The stations, which include an arts and crafts activity designed to promote environmentalism and help identify animal tracks at the same time, as well as a hands-on activity designed to teach the capabilities of earthworms, are accompanied by nine “animal ambassadors.” The mix of mammals, reptiles, amphibians and birds help transition families from the Nature Nook to Zoet's “favorite classroom, the great outdoors.”

Learning doesn't stop outside

“In choosing the animals, we tried to focus on examples of local wildlife … our docent program just began six months ago, but we’ve hit the ground running, and we can explain a lot about what you see,” Zoet said of the animals who live at the Nook, including five species of turtles, an Eastern tiger salamander, a rabbit and an Eastern screech owl.

“I think the Nature Nook should be a place where people get their bearings about local resources and then get out into the resources," she said. "In the future, when we have open hours and families drop in, we hope to have two volunteers on staff — one to stay back and monitor the room and one to lead a short, guided nature walk,” she said.

Zoet will lead one such walk April 15 through the West Bloomfield Nature Preserve to listen to frogs calling.

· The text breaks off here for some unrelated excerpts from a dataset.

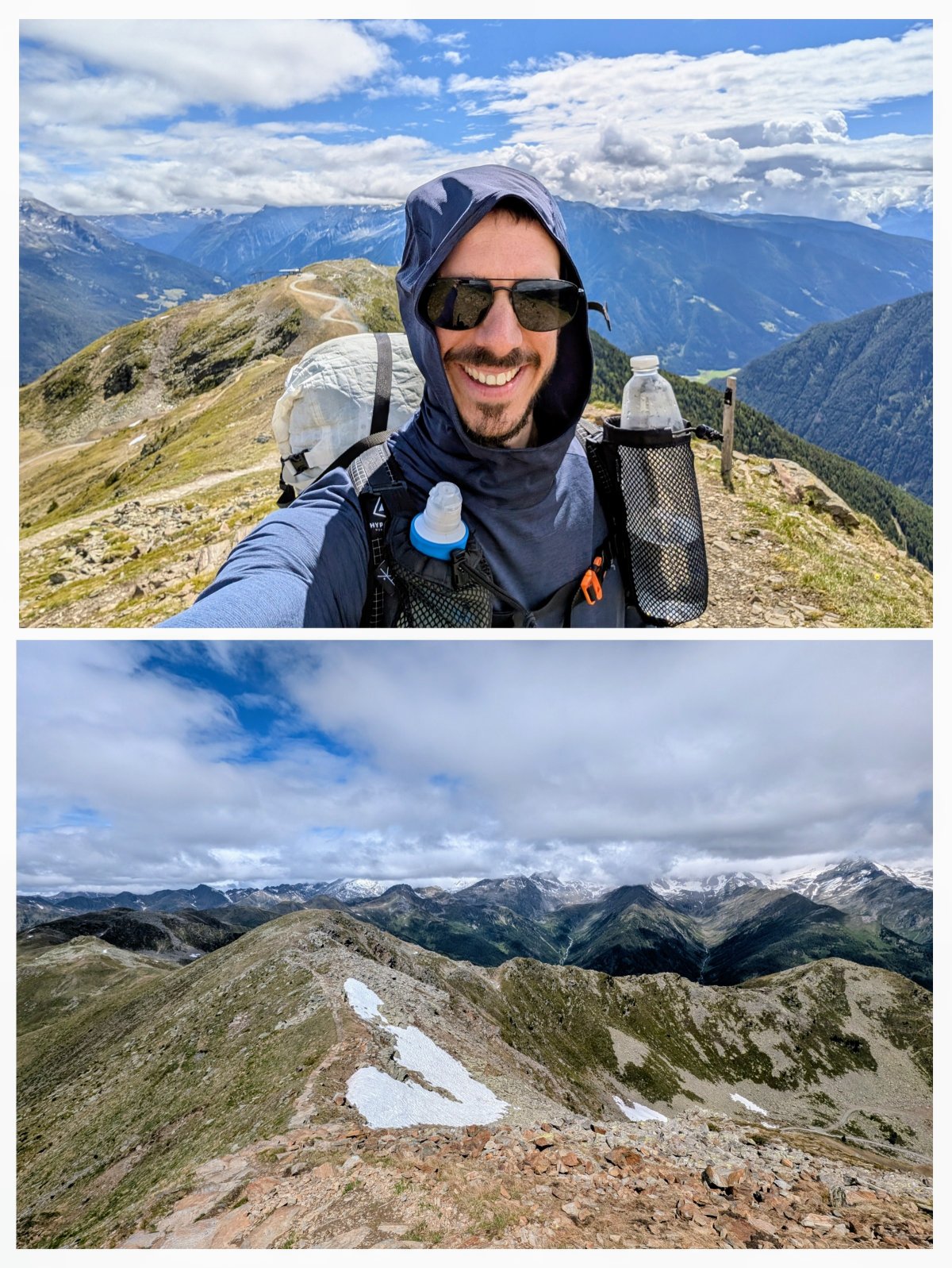 Mal geht’s links, mal rechts vom Grat entlang. Immer tauchen wieder neue Bergspitzen auf. Es fühlt sich an wie ein nicht enden wollender Weg.
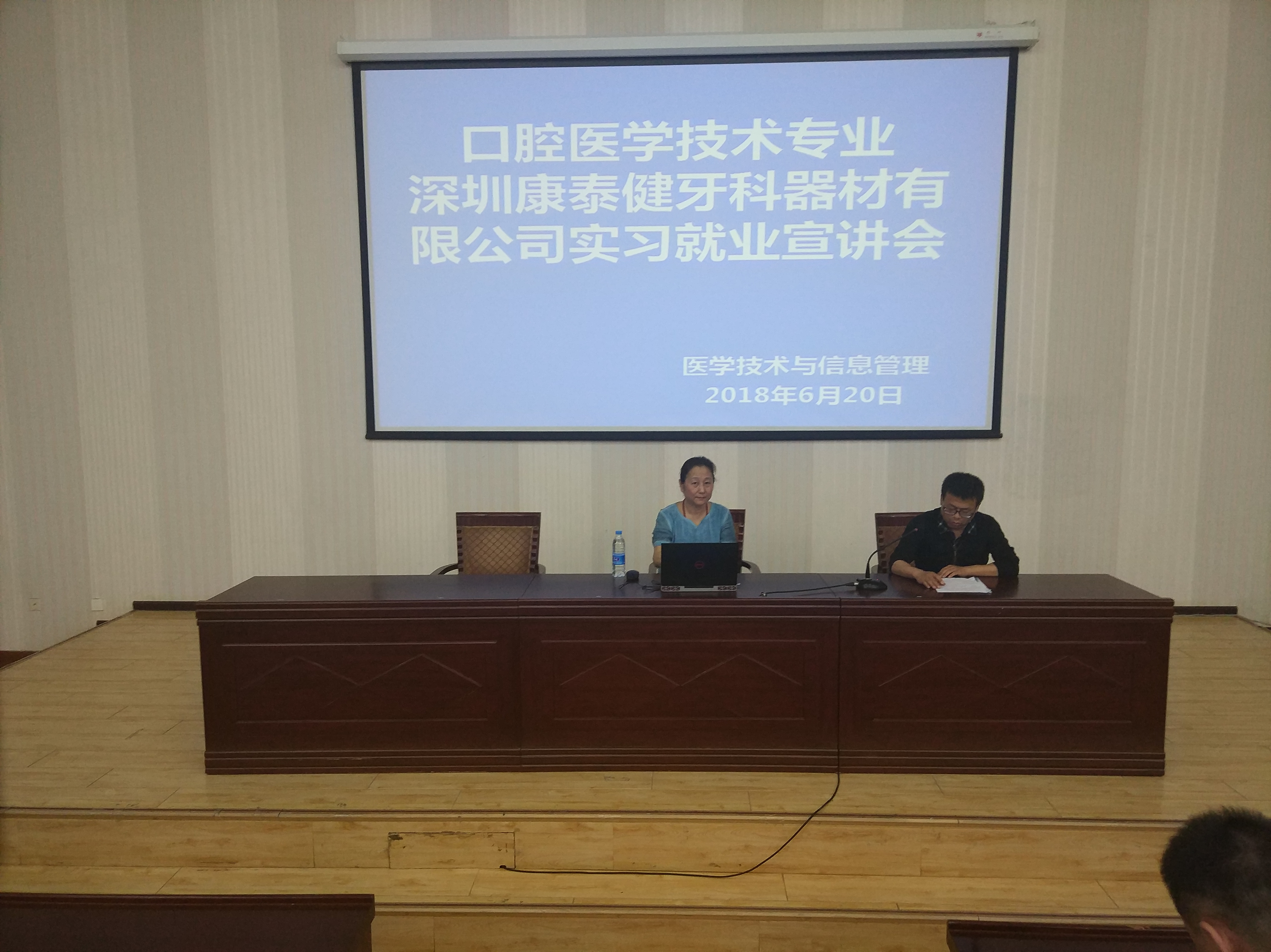 辛金紅校長(zhǎng)對(duì)口腔醫(yī)學(xué)技術(shù)專(zhuān)業(yè)的發(fā)展歷史和當(dāng)前口腔醫(yī)學(xué)技術(shù)的前景做了詳細(xì)介紹;介紹了深圳市康泰健牙科器材有限公司的概況、理念、人才策略,對(duì)新員工的具體要求和發(fā)展通道;對(duì)同學(xué)最關(guān)心的實(shí)習(xí)期間的待遇進(jìn)行了現(xiàn)場(chǎng)解答。
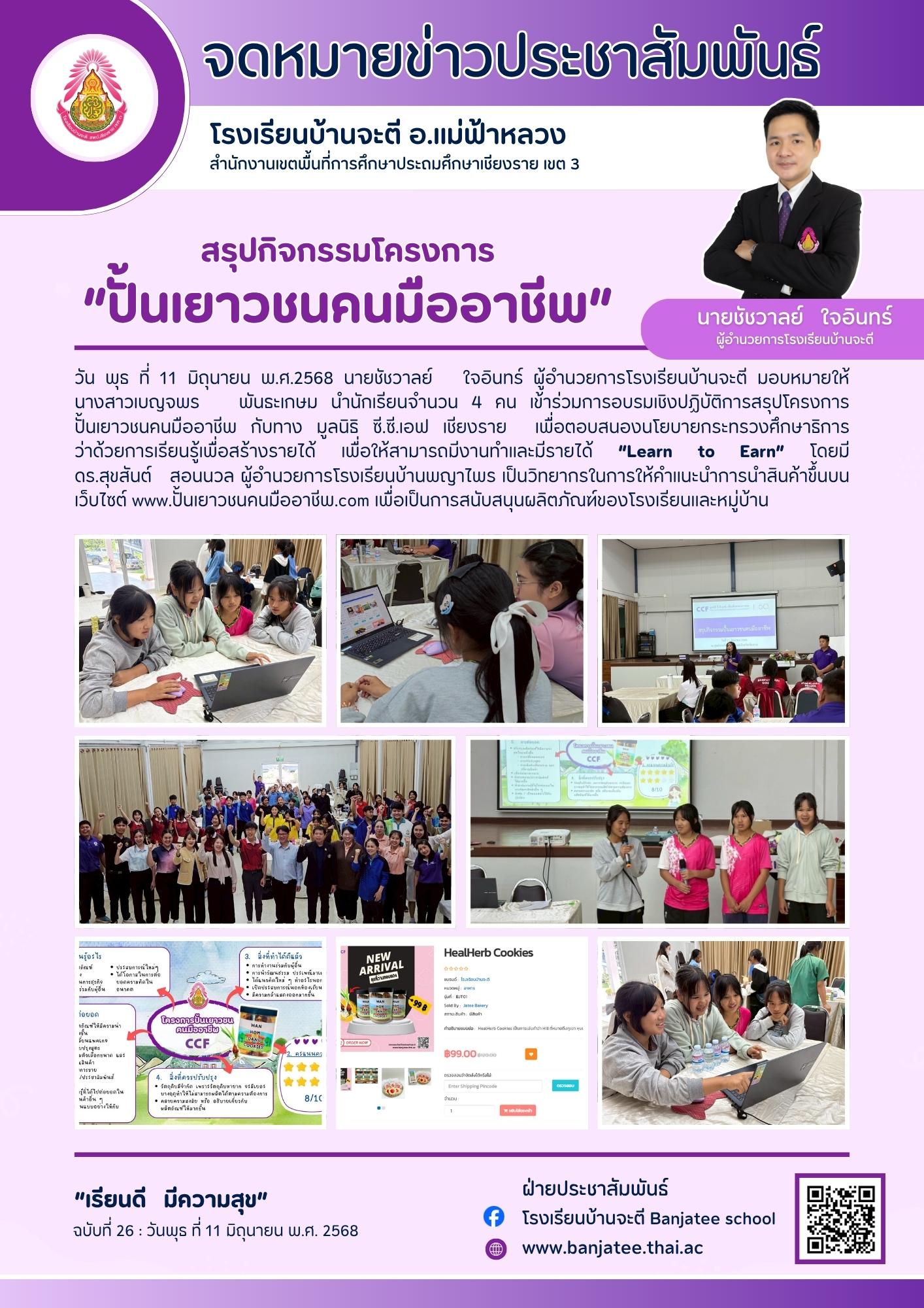 นายชัชวาลย์ ใจอินทร์ ผู้อำนวยการโรงเรียนบ้านจะตี มอบหมายให้ นางสาวเบญจพร พันธะเกษม นำนักเรียนจำนวน 4 คน เข้าร่วมการอบรมเชิงปฏิบัติการสรุปโครงการปั้นเยาวชนคนมืออาชีพ กับทาง มูลนิธิ ซี.ซี.เอฟ เชียงราย เพื่อตอบสนองนโยบายกระทรวงศึกษาธิการว่าด้วยการเรียนรู้เพื่อสร้างรายได้ เพื่อให้สามารถมีงานทำและมีรายได้ “Learn to Earn” โดยมี ดร.สุขสันต์ สอนนวล ผู้อำนวยการโรงเรียนบ้านพญาไพร เป็นวิทยากรในการให้คำแนะนำการนำสินค้าขึ้นบนเว็บไซต์ www.ปั้นเยาวชนคนมืออาชีhttp://xn--v3c.com/ เพื่อเป็นการสนับสนุนผลิตภัณฑ์ของโรงเรียนและหมู่บ้าน

She said the Rouge River Watershed at the is home to eight of the 12 species of frogs native to Michigan, including:

  • Wood frogs
  • Western chorus frogs
  • Northern spring peepers
  • Green frogs
  • Bullfrogs
  • American toads
  • Northern leopard frogs
  • Gray tree frogs

Zoet said the Nature Nook, which has been active in West Bloomfield since 2006, welcomes many regulars from local senior centers and schools as well as first-time visitors from throughout Oakland County. Groups tend to stay for an average of 45 minutes to 90 minutes, Zoet said, which tells her that families are not bored at the Nature Nook.

“If you’re a family with a 2-year-old, a 5-year-old and a 7-year-old, there’s something for everyone inside of here. However, if you’d like to go outside, there’s 70 acres of trail to walk,” Zoet said.

“It’s rather muddy right now, but that makes it interesting for seeing animal tracks in the mud. We hope to see frogs come out next week, but given the weather, there’s no guarantees. Nature just works on its own," she added.

The Nature Nook is free and open from 1-4 p.m. Saturday-Sunday. The frog hike at the Nature Preserve will begin at 7:30 April 15. Registration costs $5 for residents and $6 for nonresidents up to the week preceding the event. The week of the event, registration costs $10 for residents and $11 for nonresidents.